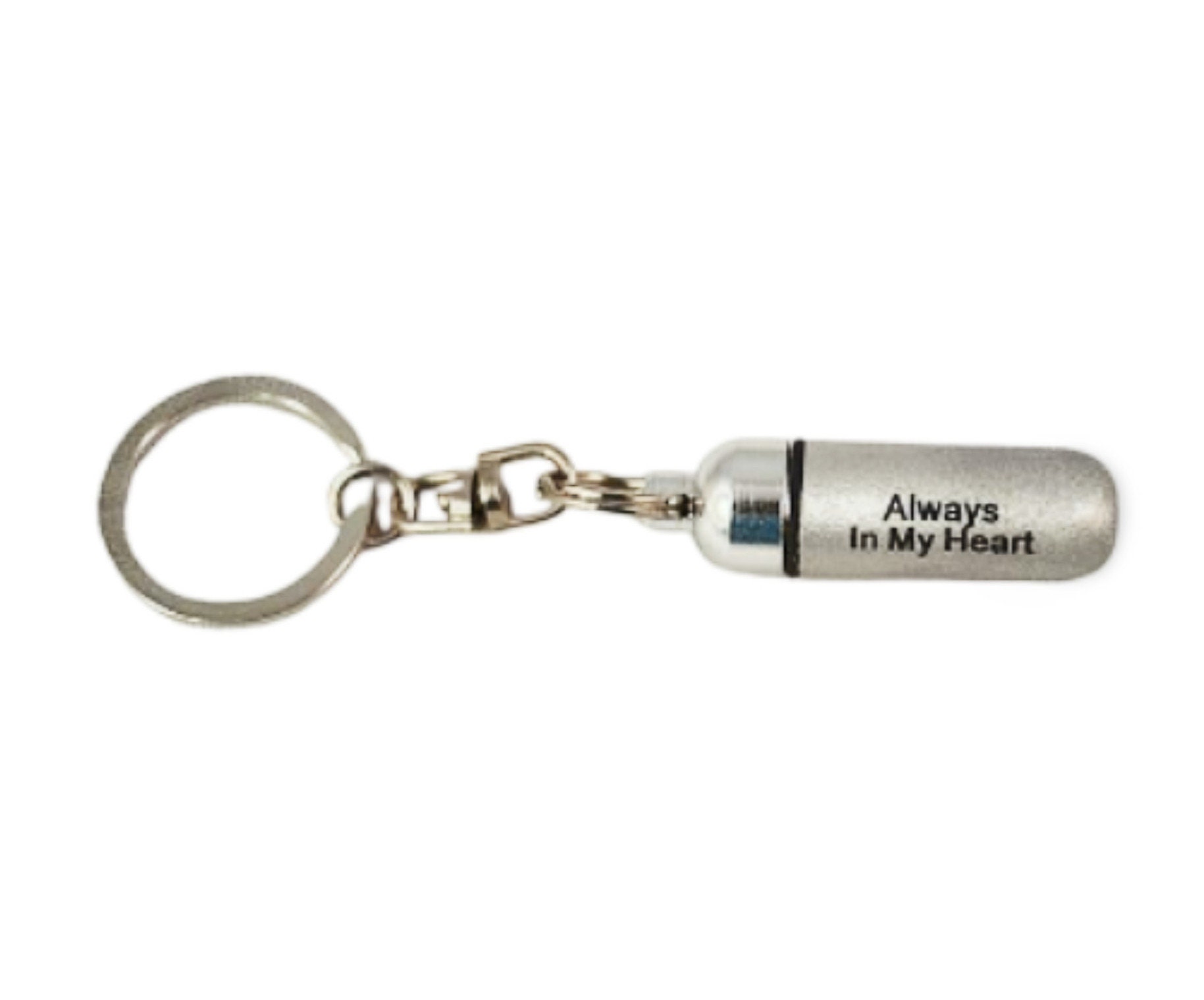 Sturdy, discreet, and secure, this Urn is 1-3/4 inches tall and has a small clear container inside to hold a small amount of your loved ones ashes. Keep them close to you always. Urn is made of aircraft-grade anodized aluminum and will last forever. The urn unscrews to reveal the storage chamber. Inside there is a clear container to keep the ashes safe and dry. A rubber gasket on the screw-on cap provides a waterproof seal. These urns are strong and lightweight enough to carry every day and fits nicely on a keyring or a necklace.
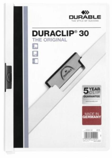 Az eredeti DURACLIP® mappa PVC-ből készült, speciális rugalmas acél klippel. Ideális prezentációk, iratok, ajánlatok, konferenciák / szemináriumok jegyzeteinek vagy riportoknak lyukasztás nélküli lefűzérésre. A DURACLIP® 30 kapacitása 30 db A4 lap. Áttetsző előlappal és színes hátlappal. További kiegészítők kaphatók. Saját logojával nyomtatva a DURACLIP® egy egyed
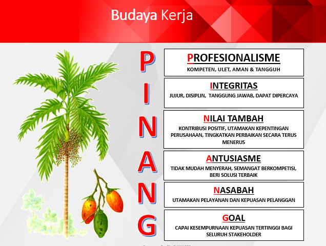 Dalam menjalankan peran sebagai Bank Perekonomian Rakyat, Sorong Sukses Sejahtera menerapkan budaya kerja yang selaras dengan budaya orang Papua, yaitu PINANG: Profesionalisme, Integritas, Nilai Tambah, Antusiasme, Nasabah, dan Goal.

- [Your task]:
Repeat each line word for word, from the one with "Az eredeti DURACLIP®" down to the last line of the data, and keep the pictures out of it.

- [Exercise answer]:
 Az eredeti DURACLIP® mappa PVC-ből készült, speciális rugalmas acél klippel. Ideális prezentációk, iratok, ajánlatok, konferenciák / szemináriumok jegyzeteinek vagy riportoknak lyukasztás nélküli lefűzérésre. A DURACLIP® 30 kapacitása 30 db A4 lap. Áttetsző előlappal és színes hátlappal. További kiegészítők kaphatók. Saját logojával nyomtatva a DURACLIP® egy egyed
 Dalam menjalankan peran sebagai Bank Perekonomian Rakyat, Sorong Sukses Sejahtera menerapkan budaya kerja yang selaras dengan budaya orang Papua, yaitu PINANG: Profesionalisme, Integritas, Nilai Tambah, Antusiasme, Nasabah, dan Goal.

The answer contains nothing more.